Palestinians reject offer to delay their Jerusalem eviction

Published November 3, 2021
Nabil al-Kurd, a Palestinian resident of the Sheikh Jarrah neighbourhood of east Jerusalem, points to his family's name on a banner naming all of the neighbourhood's families under threat of forced displacement from their homes by Jewish settlers. — AP
Nabil al-Kurd, a Palestinian resident of the Sheikh Jarrah neighbourhood of east Jerusalem, points to his family's name on a banner naming all of the neighbourhood's families under threat of forced displacement from their homes by Jewish settlers. — AP

JERUSALEM: Palestinian families on Tuesday rejected an offer that would have delayed their eviction by Jewish settlers in a tense Jerusalem neighbourhood, where protests and clashes helped ignite the 11-day Gaza war in May.

The four families in the Sheikh Jarrah neighbourhood near the Old City said their decision springs from our belief in the justice of our cause and our right to our homes and our homeland. They said that rather than submit to an unjust agreement they would rely on the Palestinian street to raise international awareness of their plight.

The proposal floated by Israel’s Supreme Court last month would have made them protected tenants, blocking any eviction and demolition order for at least the next 15 years, according to Ir Amim, an Israeli rights group that closely follows developments in the city.

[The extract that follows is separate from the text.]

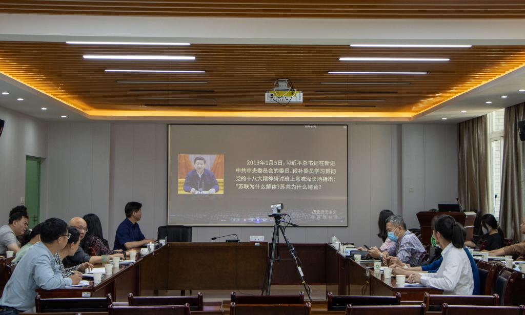 万泉书记主持了意识形态专题学习,通过领学《中国共产党宣传工作简史》,观看《历史虚无主义与苏联解体——对苏联亡党亡国三十年的思考》专题片,深入学习贯彻习近平总书记关于宣传思想工作的重要思想,深刻认识意识形态风险挑战。万泉书记强调,各党组织、各部门要把《中国共产党宣传工作简史》作为推进党史学习教育常态化的重要内容,纳入各党总支理论学习中心组学习和党支部“三会一课”计划,纳入贯彻落实意识形态工作责任制的工作部署,不断增强广大党员干部对党的宣传工作极端重要性的认识,加强意识形态阵地管理,筑牢意识形态安全防线,做好新时代宣传工作,唱响主旋律,传播正能量,营造积极奋进的氛围,以昂扬奋斗姿态和一流工作业绩迎接党的二十大胜利召开。

The families would have been able to continue arguing their case in Israeli courts. But it would have forced them to at least temporarily attest to the settlers’ ownership of the properties, which could weaken the families’ case going forward, and pay rent to the settlers.

The four families are among dozens in Jerusalem who are threatened with eviction by Jewish settler organisations in several cases that have been working their way through the Israeli court system for decades.

The settlers are making use of an Israeli law that allows them to claim properties that were owned by Jews prior to the 1948 war surrounding Israel’s creation. Palestinians who lost homes, properties and lands in the same conflict do not have the right to recover them.

There was no immediate comment from the settlers, but Jerusalem Deputy Mayor Arieh King, a staunch supporter, said they had accepted the offer.

The families, who are originally from what is now Israel, say the Jordanian government granted them the land on which their homes were later built in exchange for their refugee status after it assumed control of the West Bank and east Jerusalem in 1948. They have been living there ever since.

Israel has portrayed the matter as a private real-estate dispute, but the Palestinians and human rights groups view it as a coordinated attempt to push Palestinian residents out of Jerusalem and change the city’s identity.